Timezone: »
Determinantal point processes (DPPs) are a useful probabilistic model for selecting a small diverse subset out of a large collection of items, with applications in summarization, recommendation, stochastic optimization, experimental design and more. Given a kernel function and a subset size k, our goal is to sample k out of n items with probability proportional to the determinant of the kernel matrix induced by the subset (a.k.a. kDPP). Existing kDPP sampling algorithms require an expensive preprocessing step which involves multiple passes over all n items, making it infeasible for large datasets. A naïve heuristic addressing this problem is to uniformly subsample a fraction of the data and perform kDPP sampling only on those items, however this method offers no guarantee that the produced sample will even approximately resemble the target distribution over the original dataset.

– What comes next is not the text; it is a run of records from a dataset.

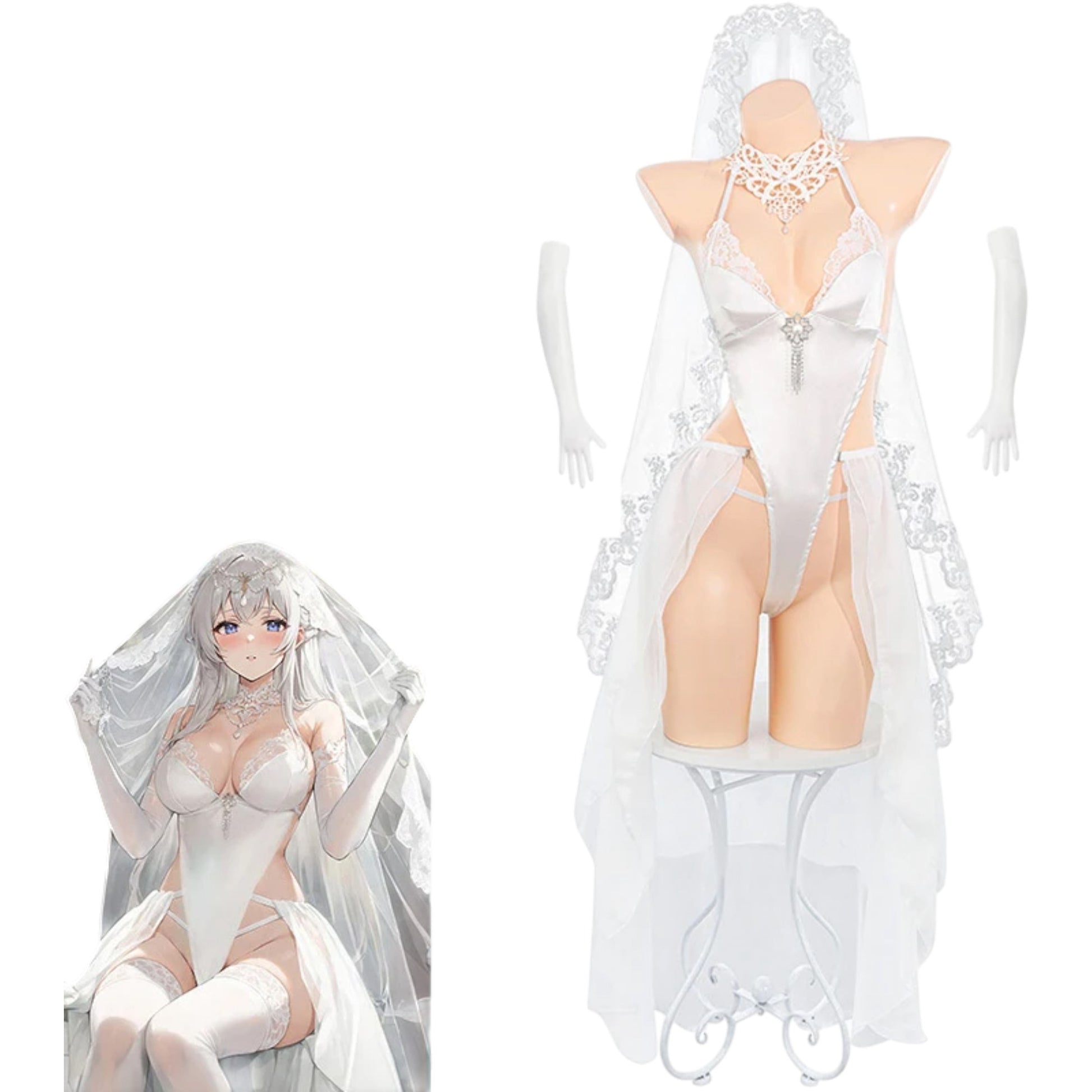 Sexy Anime Bride Costume – Women’s Lace Wedding Dress Bodysuit with Veil for Cosplay & Roleplay
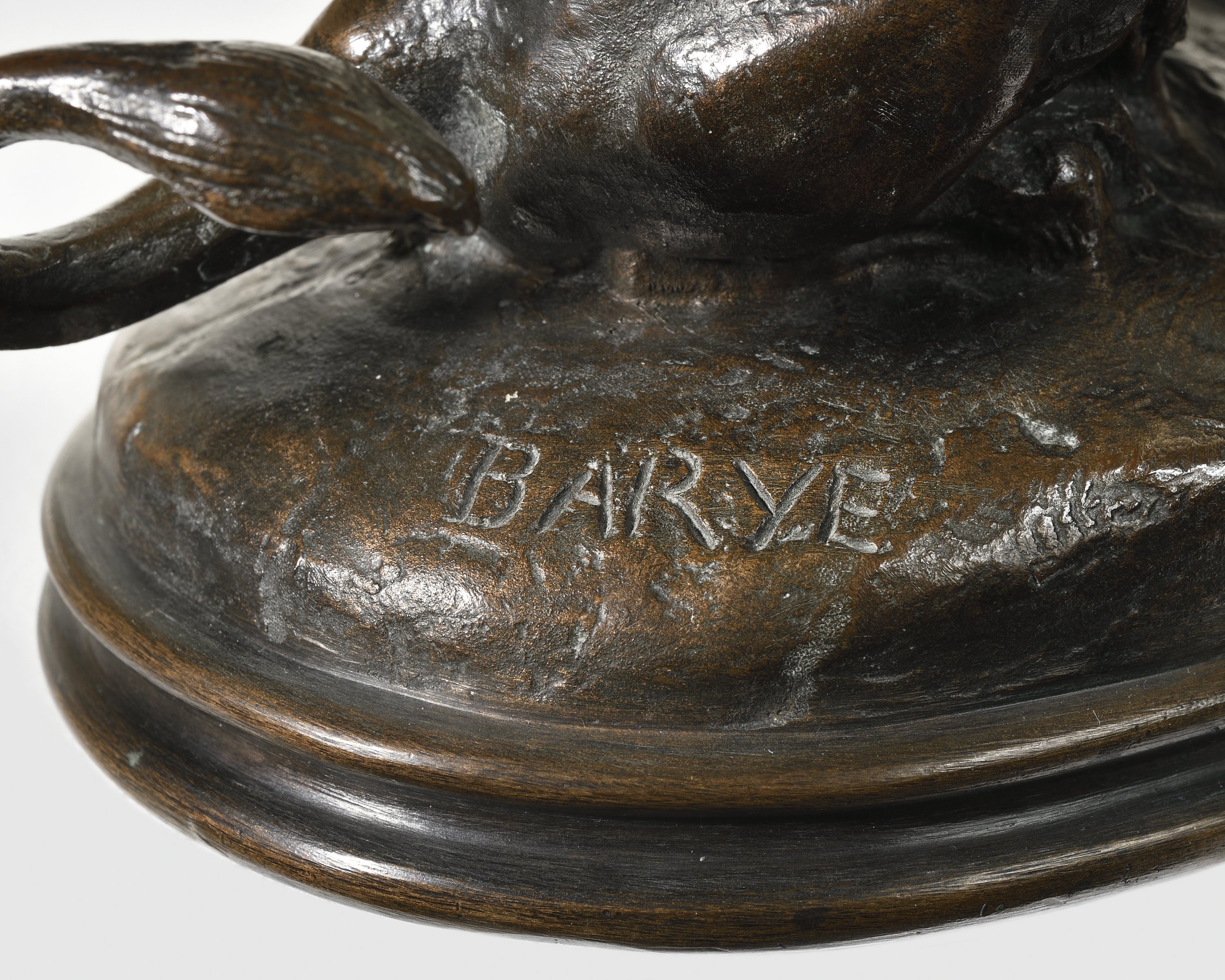 Bronze Signée BARYE à la base, estampée à froid AD sur le bord 17,78 cm (16,19 cm à la base) × 11,11 cm × 13,02 cm
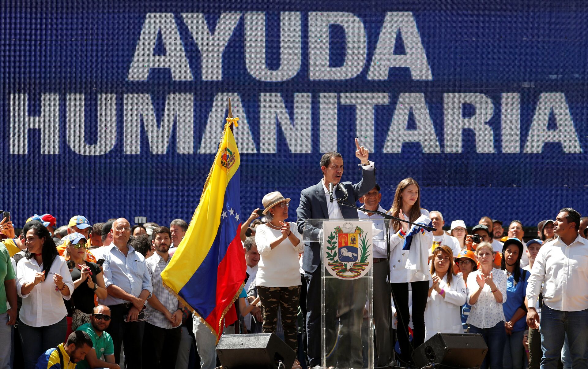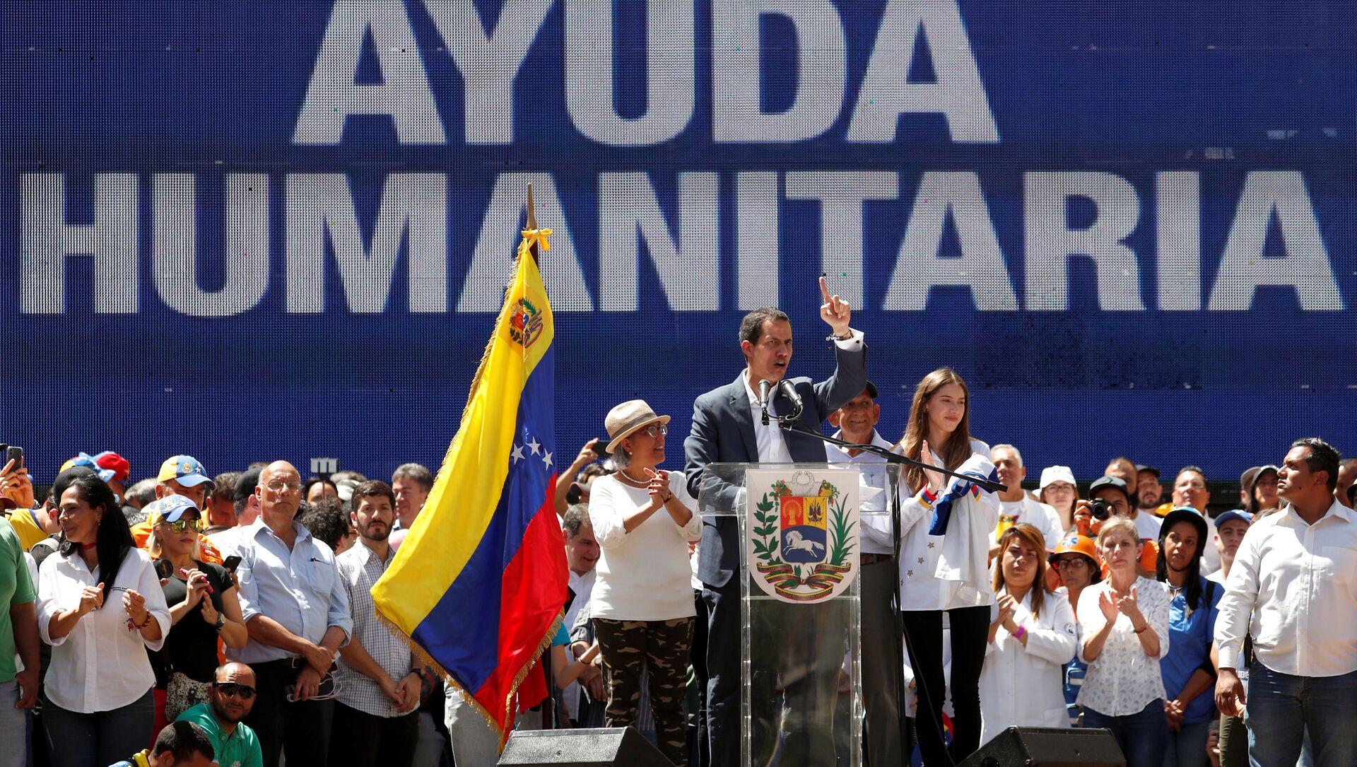 Uno de los asistentes a la ceremonia de recepción de la ayuda fue el embajador de Colombia en Estados Unidos, Francisco Santos, quien dijo a Sputnik que no se ha hablado de intervención militar a Venezuela.
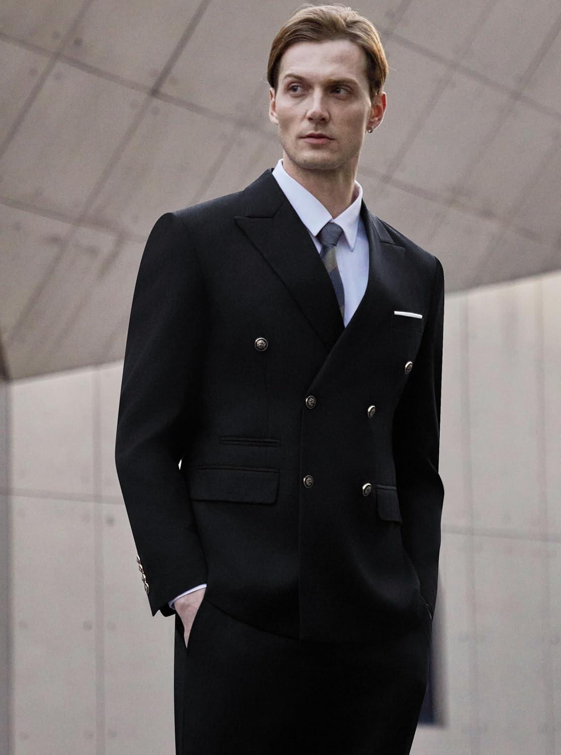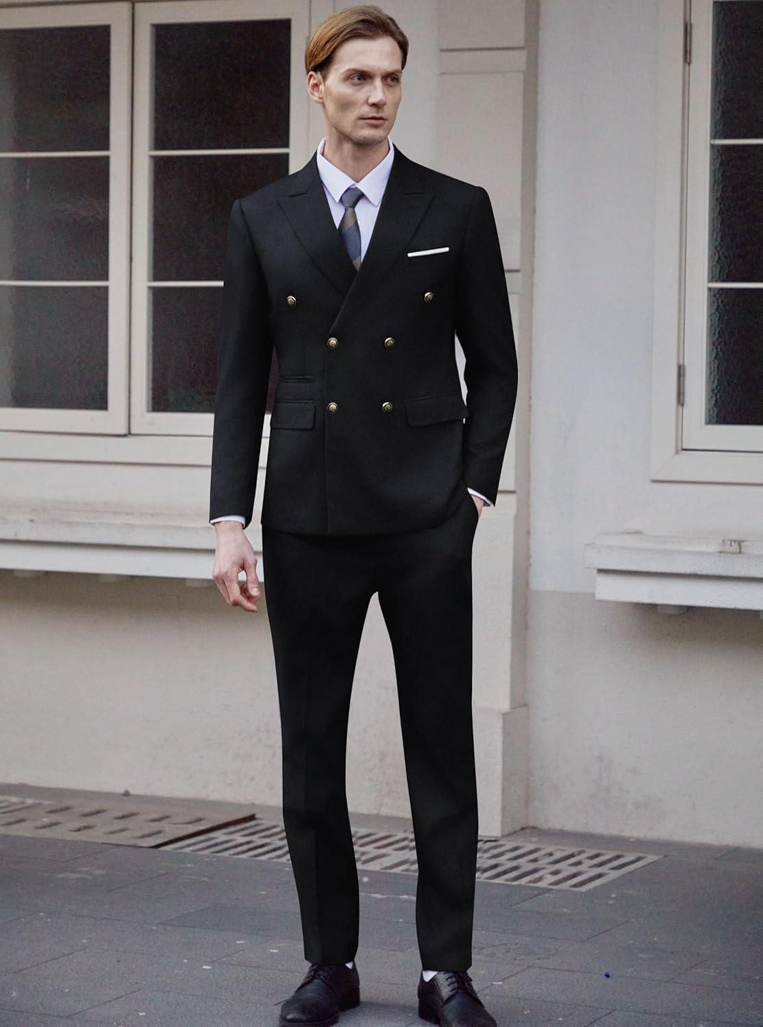 WULFUL Men's Suits Slim Fit 2 Piece Double Breasted Suit Men Tuxedo Blazer Jacket and Dress Pants Set for Business Wedding(Black)
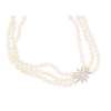 composed of three graduated rows of cultured pearls, the clasp modelled as a star, set throughout with old cushion-cut diamonds, to an unmarked yellow metal detachable fitting with pendant loop
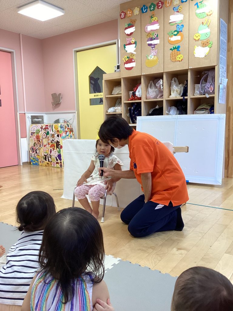 3歳の誕生日です!先生からインタビューを受けて少し緊張していましたがニコニコ笑顔で答えてくれました👏

In this paper, we develop alphaDPP, an algorithm which adaptively builds a sufficiently large uniform sample of data that is then used to efficiently generate a smaller set of k items, while ensuring that this set is drawn exactly from the target distribution defined on all n items. We show empirically that our algorithm produces a kDPP sample after observing only a small fraction of all elements, leading to several orders of magnitude faster performance compared to the stateoftheart. Our implementation of alphaDPP is provided at https://github.com/guilgautier/DPPy/.
Author Information
Daniele Calandriello (DeepMind)
Michal Derezinski (UC Berkeley)
Michal Valko (DeepMind)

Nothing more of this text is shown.